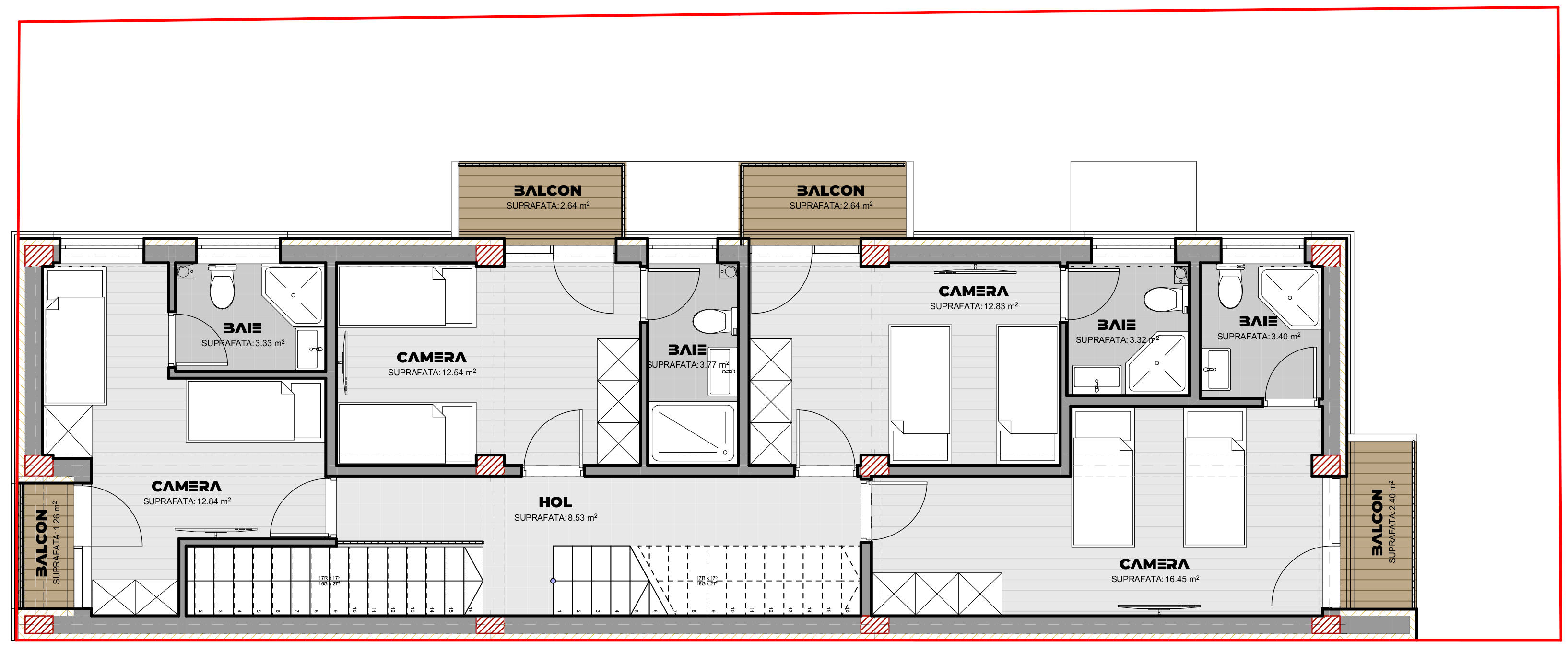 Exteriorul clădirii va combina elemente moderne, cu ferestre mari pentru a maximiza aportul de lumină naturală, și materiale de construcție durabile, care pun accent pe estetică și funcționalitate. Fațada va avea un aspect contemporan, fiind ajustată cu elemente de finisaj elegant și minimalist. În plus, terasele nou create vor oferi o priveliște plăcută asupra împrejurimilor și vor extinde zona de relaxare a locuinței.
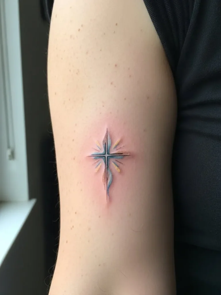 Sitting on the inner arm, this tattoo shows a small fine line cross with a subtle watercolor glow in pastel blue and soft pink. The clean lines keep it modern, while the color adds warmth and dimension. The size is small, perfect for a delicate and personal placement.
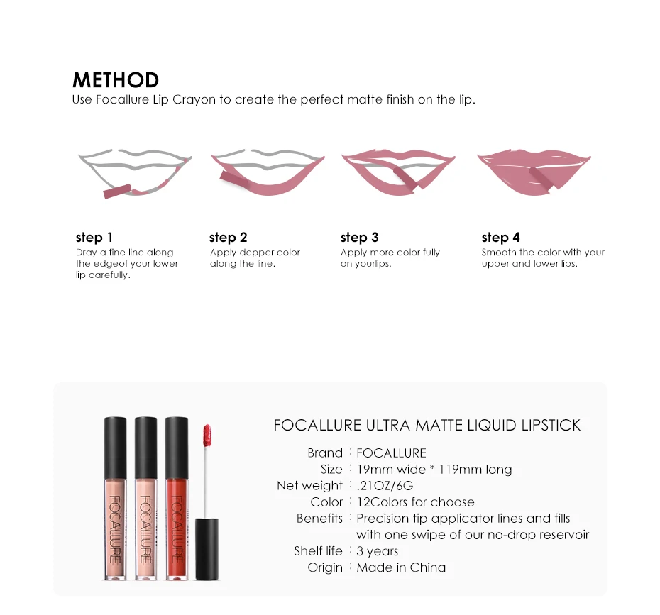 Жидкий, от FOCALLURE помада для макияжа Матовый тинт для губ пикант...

--

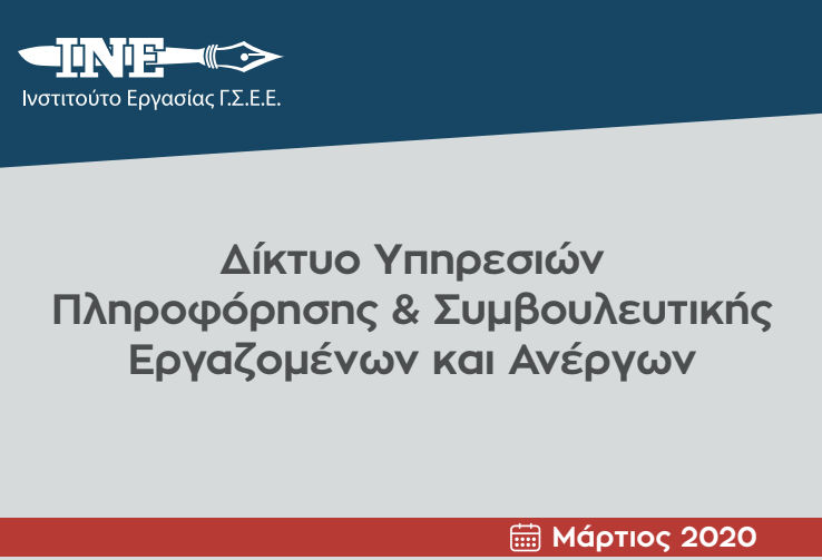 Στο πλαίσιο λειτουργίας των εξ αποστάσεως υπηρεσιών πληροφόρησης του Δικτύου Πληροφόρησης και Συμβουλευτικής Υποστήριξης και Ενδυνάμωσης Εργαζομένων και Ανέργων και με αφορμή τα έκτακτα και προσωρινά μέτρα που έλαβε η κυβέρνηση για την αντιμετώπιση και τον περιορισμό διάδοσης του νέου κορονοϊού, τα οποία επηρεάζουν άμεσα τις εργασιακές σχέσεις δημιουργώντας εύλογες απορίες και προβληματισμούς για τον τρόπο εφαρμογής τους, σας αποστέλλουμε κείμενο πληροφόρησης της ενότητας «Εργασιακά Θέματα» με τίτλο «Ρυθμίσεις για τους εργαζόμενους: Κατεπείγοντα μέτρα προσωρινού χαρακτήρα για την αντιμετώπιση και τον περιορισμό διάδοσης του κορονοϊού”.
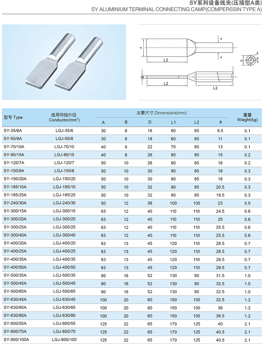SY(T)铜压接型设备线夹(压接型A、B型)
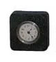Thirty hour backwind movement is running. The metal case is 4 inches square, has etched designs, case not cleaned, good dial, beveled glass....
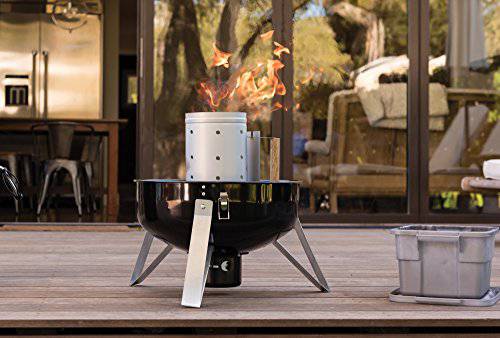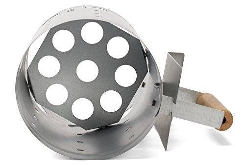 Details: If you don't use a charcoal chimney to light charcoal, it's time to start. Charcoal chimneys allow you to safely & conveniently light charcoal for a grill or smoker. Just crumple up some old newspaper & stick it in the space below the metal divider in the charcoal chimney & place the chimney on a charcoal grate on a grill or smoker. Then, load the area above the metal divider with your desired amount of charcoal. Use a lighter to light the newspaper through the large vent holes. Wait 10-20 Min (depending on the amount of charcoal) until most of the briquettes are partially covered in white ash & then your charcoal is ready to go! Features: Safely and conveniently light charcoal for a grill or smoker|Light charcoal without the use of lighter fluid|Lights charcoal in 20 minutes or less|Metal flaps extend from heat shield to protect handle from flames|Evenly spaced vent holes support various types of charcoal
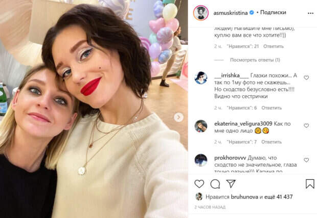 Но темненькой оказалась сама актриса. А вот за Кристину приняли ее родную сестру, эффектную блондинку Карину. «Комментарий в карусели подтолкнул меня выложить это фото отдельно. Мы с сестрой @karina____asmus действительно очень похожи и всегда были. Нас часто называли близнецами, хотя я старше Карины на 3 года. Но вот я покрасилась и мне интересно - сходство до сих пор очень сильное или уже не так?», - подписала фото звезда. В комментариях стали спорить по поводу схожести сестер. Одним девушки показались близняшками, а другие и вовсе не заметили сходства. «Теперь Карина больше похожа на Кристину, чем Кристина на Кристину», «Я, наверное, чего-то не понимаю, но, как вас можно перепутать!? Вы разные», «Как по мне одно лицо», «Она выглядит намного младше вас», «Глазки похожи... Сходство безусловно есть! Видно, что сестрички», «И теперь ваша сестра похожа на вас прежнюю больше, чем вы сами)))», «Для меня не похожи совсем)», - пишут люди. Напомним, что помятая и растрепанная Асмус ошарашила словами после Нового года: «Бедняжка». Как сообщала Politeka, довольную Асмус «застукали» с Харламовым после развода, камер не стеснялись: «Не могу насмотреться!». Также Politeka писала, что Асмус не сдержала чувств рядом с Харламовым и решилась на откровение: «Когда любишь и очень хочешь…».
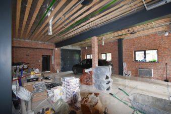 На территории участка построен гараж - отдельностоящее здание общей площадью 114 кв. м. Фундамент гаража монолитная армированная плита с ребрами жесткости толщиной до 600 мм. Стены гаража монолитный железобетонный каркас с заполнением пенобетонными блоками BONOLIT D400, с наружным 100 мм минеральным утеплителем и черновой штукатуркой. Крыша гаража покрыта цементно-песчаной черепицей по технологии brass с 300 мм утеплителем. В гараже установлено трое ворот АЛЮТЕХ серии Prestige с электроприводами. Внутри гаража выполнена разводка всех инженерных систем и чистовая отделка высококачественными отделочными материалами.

* EXERCISE GOAL: Each line above starting at the one holding "Exteriorul clădirii va" and ending at the one holding "Жидкий, от FOCALLURE" should be set down exactly as it stands, both ends included, with no pictures.

* ANSWER TO THIS TASK:
 Exteriorul clădirii va combina elemente moderne, cu ferestre mari pentru a maximiza aportul de lumină naturală, și materiale de construcție durabile, care pun accent pe estetică și funcționalitate. Fațada va avea un aspect contemporan, fiind ajustată cu elemente de finisaj elegant și minimalist. În plus, terasele nou create vor oferi o priveliște plăcută asupra împrejurimilor și vor extinde zona de relaxare a locuinței.
 Sitting on the inner arm, this tattoo shows a small fine line cross with a subtle watercolor glow in pastel blue and soft pink. The clean lines keep it modern, while the color adds warmth and dimension. The size is small, perfect for a delicate and personal placement.
 Жидкий, от FOCALLURE помада для макияжа Матовый тинт для губ пикант...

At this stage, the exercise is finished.